→ Exercise details: Can you copy out the data exactly? Leave the images out.

→ Dataset content:
- - - -
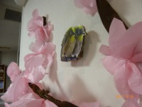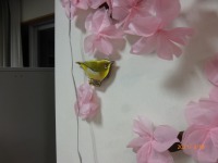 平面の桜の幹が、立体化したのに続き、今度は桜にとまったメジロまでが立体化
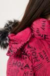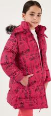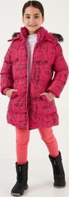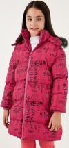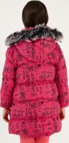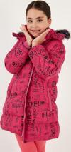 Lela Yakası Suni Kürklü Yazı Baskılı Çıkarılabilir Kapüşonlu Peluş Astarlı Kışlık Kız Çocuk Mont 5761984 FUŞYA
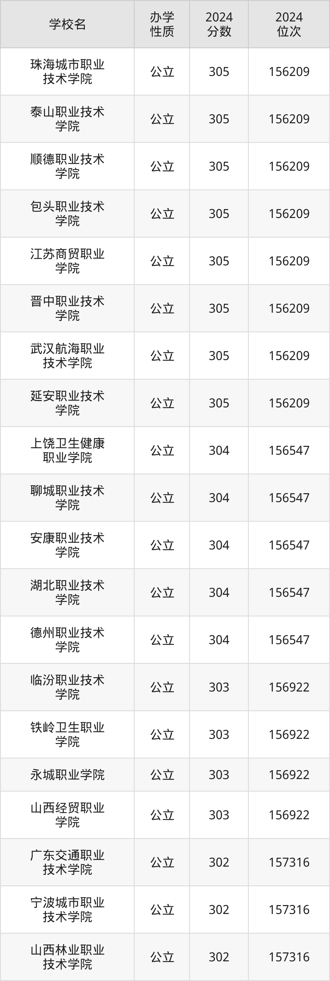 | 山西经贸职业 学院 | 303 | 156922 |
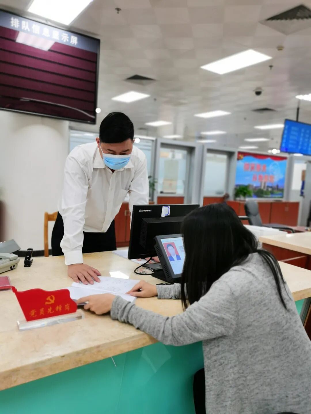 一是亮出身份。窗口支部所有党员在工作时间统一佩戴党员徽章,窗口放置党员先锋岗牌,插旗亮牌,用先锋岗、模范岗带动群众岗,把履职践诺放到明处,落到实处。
- - - -
→ Reply to the exercise:
 平面の桜の幹が、立体化したのに続き、今度は桜にとまったメジロまでが立体化
 Lela Yakası Suni Kürklü Yazı Baskılı Çıkarılabilir Kapüşonlu Peluş Astarlı Kışlık Kız Çocuk Mont 5761984 FUŞYA
 | 山西经贸职业 学院 | 303 | 156922 |
 一是亮出身份。窗口支部所有党员在工作时间统一佩戴党员徽章,窗口放置党员先锋岗牌,插旗亮牌,用先锋岗、模范岗带动群众岗,把履职践诺放到明处,落到实处。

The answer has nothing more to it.